Background -- Why this Blog
Posted by Dennis in Background, Currency Trading, FOREX, Guerrilla Trading
What's a Pip?
If you don't know what a "pip" is then you must have got here by accident. So before you leave I will tell you what a pip is. If you already know what a pip is, skip ahead 4 paragraphs.
A pip is a single unit of measurement for trading in currency. For most currencies it is 1 basis point (.0001) of the base denomination of that currency. So the for the U.S Dollar 1 pip is 1/10,000 of a dollar. Currency is traded in pairs (US Dollar for the Euro Dollar or Swiss Franc for the Japanese Yen). The price of the exchange is expressed is one 10,000th of the base currency of the pair.

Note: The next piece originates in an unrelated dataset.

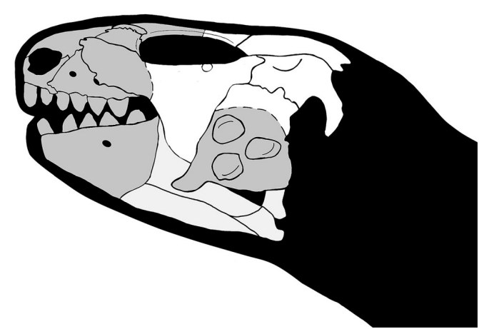 Références : Mueller, B.D.; Small, B.J.; Jenkins, X.; Huttenlocker, A.K.; Chatterjee, S., 2023, Cranial anatomy of Libognathus sheddi Small, 1997 (Parareptilia, Procolophonidae) from the Upper Triassic Dockum Group of West Texas, USA. The Anatomical Record.

Currency is traded in lots of 100,000 units of the base currency. So a trade based in US Dollars is done on a lot of $100,000. So if I trade based on US Dollars, gaining 2oo pips is the equivalent of making $2,000 if I am trading a single lot (200 pips x .0001 x 100,000). Trading can be done with multiple lots or 1/10 of a lot ($10,000) or even 1/100 ($1,000) of a lot.
Now here is where the math gets interesting. If I have $1,000 to trade in the Forex (Foreign Exchange) market I can leverage that $1,000 to trade a full lot of $100,000. I am risking $1,000 at a 100 to 1 ratio. But because I am all in I have no room to lose even a single pip. Therefore I need to have more than $1,000 available. In fact I trade so that I am only risking 10% on a single trade. In this scenario, I would have $10,000 in my account in order to trade 1 full lot at $1,000. At 200 pips in one week I would gain $2,000. I would gain 20% for the week. Repeating that process my account would double every 4 weeks. Gaining 200 pips a week would meaning taking my $10,000 to over $1 Million in less than 6 months.
Purpose and Some History
The purpose of this blog is to chronicle in real time the growth of my small trading account of $400.00 growing at 200 pips per week. Any one following this blog will see my actual results and be able to follow my trading day by day. I will share my thoughts on trading in general and my particular trading system. This will be a no holds barred experience.
I first started in Forex in 2004. After about 3 months of trading on demo accounts I opened a live account. By the mid-2006 I had lost $30,000. Throw in an underfunded pizza shop and I lost another $80-100 thousand. By the end of 2006 I was broke and demoralized. The last $250 I had in my trading account was taken by monthly inactivity fees as I couldn't afford to fund more to make even the smallest allowed trade.
In fact, I did not even trade on a demo account or look at Forex for more than a year.
Then I started following the Forex markets again late 2007. By mid 2008 I was having spectacular results in my demo trading. Of course, spectacular results in demo trading is as common having a good drunk every Friday night.
I will leave the story there. The rest will follow.